4.3.10 The Committee considered the possibility of adverse events with etanercept and efalizumab both in the short and longer term; it noted that there was currently little information on the use of these drugs in people with psoriasis beyond the duration of the RCTs. It was also aware that these drugs could increase risk of malignancy and that people with psoriasis were potentially already at an increased risk of skin cancer as a result of therapeutic exposure to ultraviolet radiation. Additionally the possibility of recrudescence of latent tuberculosis has been associated with the use of etanercept. Consequently the Committee agreed with the experts' advice that a register should be established in order to collect information on long-term outcomes (including adverse events) in patients with psoriasis treated with cytokine inhibitors. The Committee therefore strongly supported the rapid establishment of the proposed British Association of Dermatologists Biological Interventions Register (BADBIR).

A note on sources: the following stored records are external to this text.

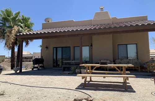 This is a newer southwestern style house with central air conditioning, washer/dryer, free wi-fi, smart TV, and more. It is 3 bedrooms, 2 bathrooms with a huge great room that includes a 6 person dining table, high end granite/stainless steal kitchen, dry bar, fireplace and more. This property is over 1/2 an acre with unequaled lake and desert views. The secluded dock is located on the south end of Martinez Lake and is shared with the adjacent house. It is a quick walk down to the dock and the shared 350 square foot deck, cantilevered out over the water.
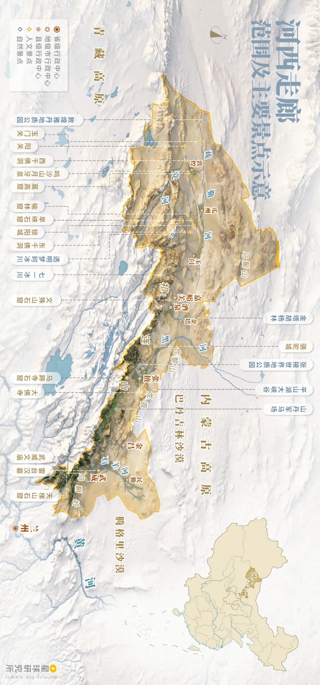 (请横屏观看,河西走廊范围及主要景点示意,制图@吴昕恬/星球研究所)
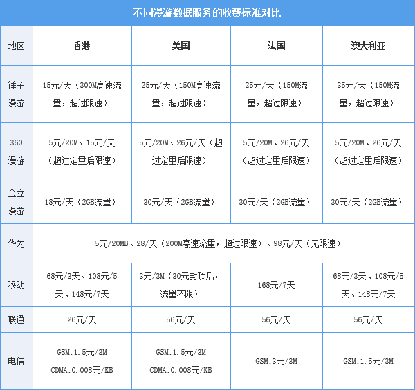 此外,金立、奇酷等廠商提供的漫游服務(wù)都和錘子漫游相似,所以在此就不再過(guò)多介紹。而華為天際通的功能則要更加豐富,除了漫游流量外,天際通還提供了100萬(wàn)個(gè)海外免費(fèi)熱點(diǎn)連接的“全球WLAN”服務(wù)。而關(guān)于資費(fèi)方面,小編也簡(jiǎn)單整理了不同漫游服務(wù)的收費(fèi)標(biāo)準(zhǔn)。
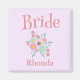 Este hermoso imán floral de novia presenta un fondo lila con un tipo de letra rosa que indica "Novia". Debajo hay bonitas flores rosas y azules. Luego hay un lugar para insertar tu nombre. ¡Compra el tuyo hoy!
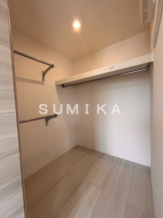 このお部屋のウォークインクローゼットは、とにかく広さと収納力が魅力的です。洋服が多くてもハンガーパイプにきれいに掛けられるので、シワを気にせずお気に入りのワンピースやコートをたっぷり収納できます。バッグや帽子、季節ごとの小物もすっきり整理できるので、毎日のコーディネートがとても楽しくなりそう。足元には衣装ケースを置いたり、棚を工夫すればショップのディスプレイのような空間にすることもできます。クローゼットの中で全身チェックができるので、「今日はどれを着ようかな」と選ぶ時間そのものがワクワクに変わります。自分の好きな物に囲まれて、気持ちよく支度ができるのは女性にとって本当に嬉しいポイントだと思います。
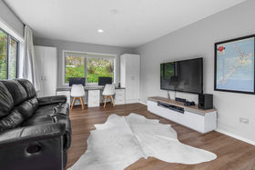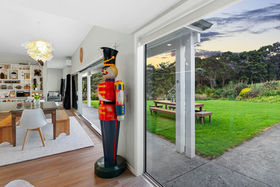 Built with sustainability in mind, the property boasts low-E glazing with the verandas positioned to maximize natural sunlight flowing into the home. Mature plantings provide privacy and a sense of established charm, while a wide variety of fruit trees and a lush feijoa hedge add to the lifestyle appeal. Outdoors, you'll find a golf hole, a feature pond, and a harmonious blend of native bush and lawn areas that create a true sanctuary.
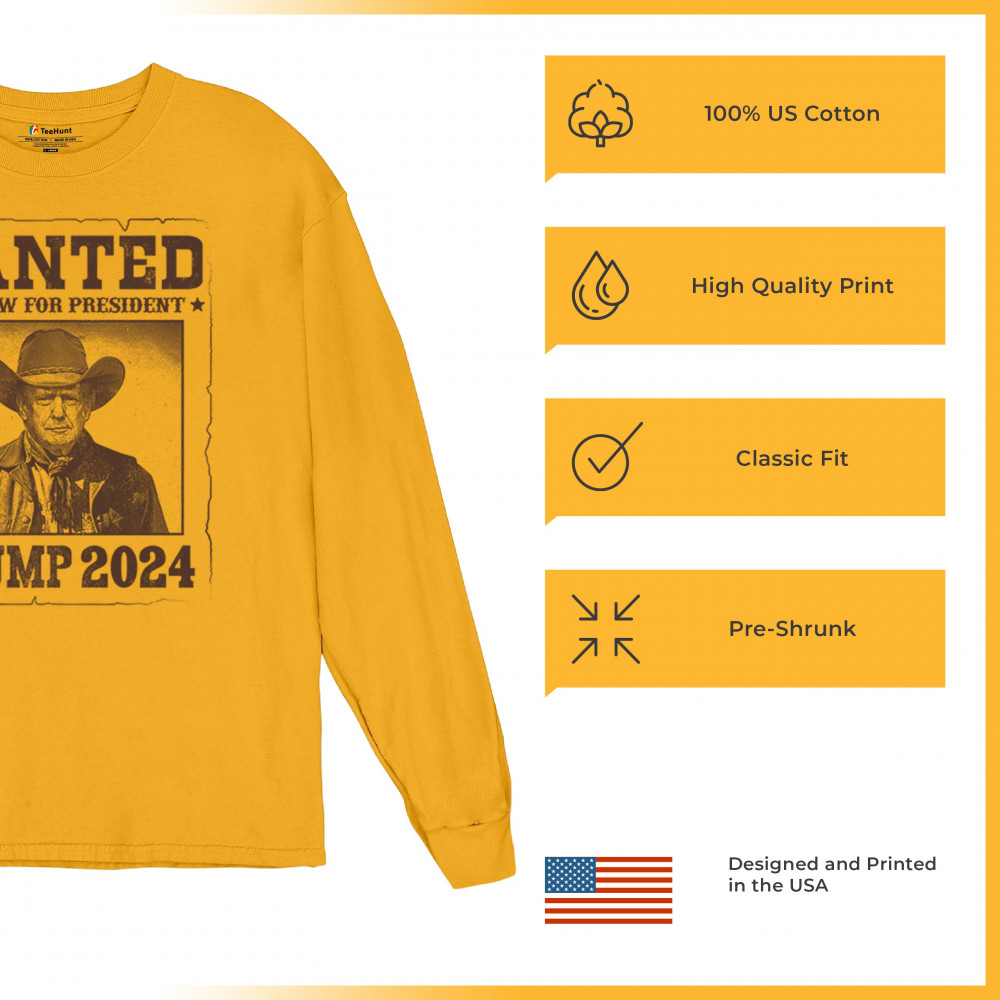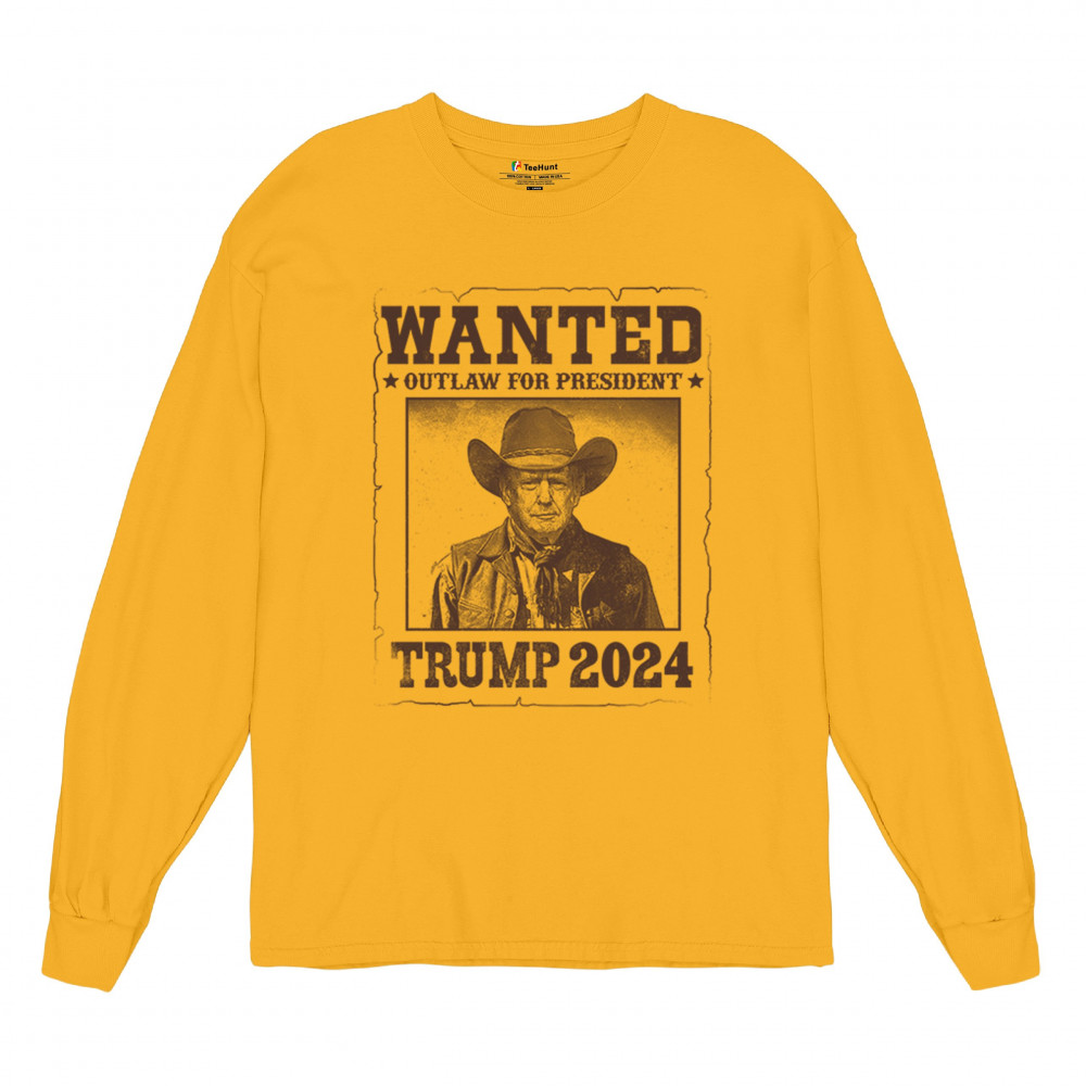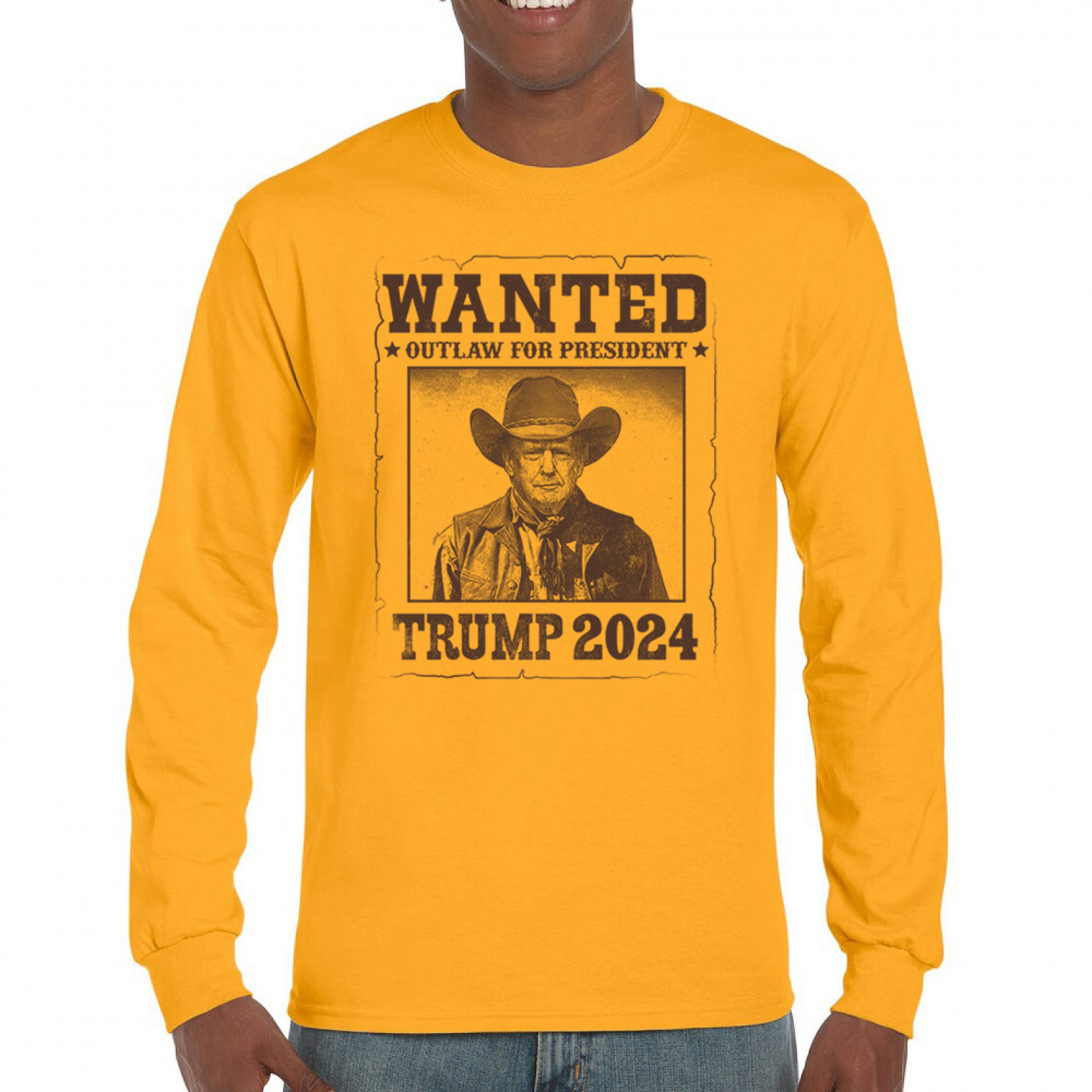 Bold "Wanted: Outlaw for President" design featuring Trump in cowboy attire, perfect for rally-goers and supporters. Express your support for the 2024 election.

It also considered that, in order to ensure that all relevant data were captured, procedures should be implemented to allow cross-referencing of BADBIR with information from people with PsA enrolled in the British Society for Rheumatology biologicals register.
4.3.11 The Committee also discussed who should initiate treatment and monitor the use of etanercept and efalizumab in patients with psoriasis. The Committee took note of the content of the SPC for each drug. In addition, it heard evidence from experts who strongly argued that treatment strategies should take into account the fact that certain people will have concomitant PsA. The Committee therefore agreed that the use of etanercept and efalizumab should be initiated and supervised only by specialist physicians experienced in the diagnosis and treatment of psoriasis. Furthermore, if a person has concomitant psoriasis and PsA their treatment should be managed by collaboration between a rheumatologist and a dermatologist.